Yoongi’s breath catches when they finally lock eyes. Jungkook’s older now, early twenties maybe, but it’s definitely the same boy he saw as a kid. Same big eyes staring back at him, same vacant stare, same fuzzy outline.
But ghosts don’t age. Do they?
“What are you doing here?” Yoongi finally whispers, not wanting his voice to carry up the stairs to his friends.
“I’m lost, I think,” Jungkook responds, eyebrows furrowing in confusion as if he’s not sure himself.
Yoongi straightens up a little, taking another step forward and thinks to himself, Yeah, I think I’m lost, too.
“Do you remember me?” Yoongi asks a little hesitantly, sliding closer to the counter.
“Remember you?” he asks, tilting his head as if he’s not fully hearing the conversation, like it’s just an echo in his mind. “I don’t think so,” he whispers, eyes not quite meeting Yoongi’s.

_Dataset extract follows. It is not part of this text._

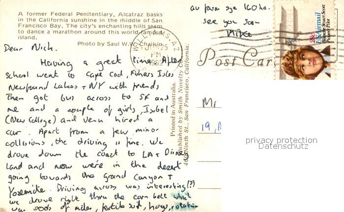 73131748 old postcard San Francisco California Alcatraz Island Prison San Francisco Bay aerial view postalisch gelaufen Erhaltung siehe scans [FriedD77] KatCode: 14140050000000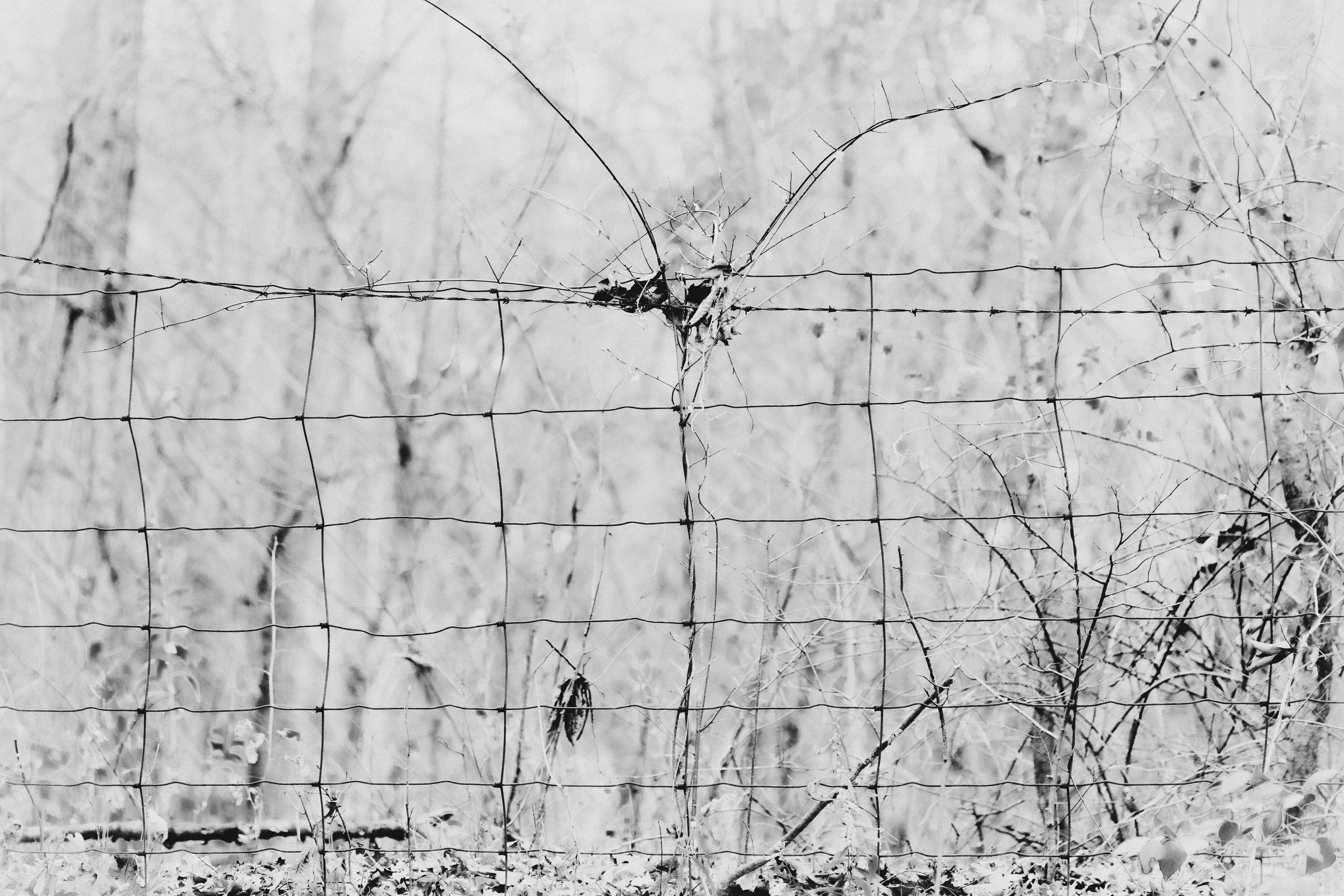 It was more things that catch my I as I walked that struck me as the more interesting images. In one case it was the fencing on one side along the tracks. The brown colors of fall leaves were distracting, so I went black and white with this image. I like the strong lines of the fencing in contrast to the dappled background trees and shrubs.

“I came here once,” Yoongi says, swallowing down his disappointment. “I saw you.”
“You did?” he asks.
“I tried to convince myself that I didn’t,” Yoongi whispers, dragging his fingers along the edge of the countertop. “But now I’m sure of it.”
“Most people don’t,” he says.
“Don’t what?” Yoongi asks. “Remember you?”
“Yes, maybe,” Jungkook shakes his head as if to clear his vision. “Or notice me at all really.”
“Why not?” Yoongi leans his hip against the counter, about as close to Jungkook as he’s willing to get for now.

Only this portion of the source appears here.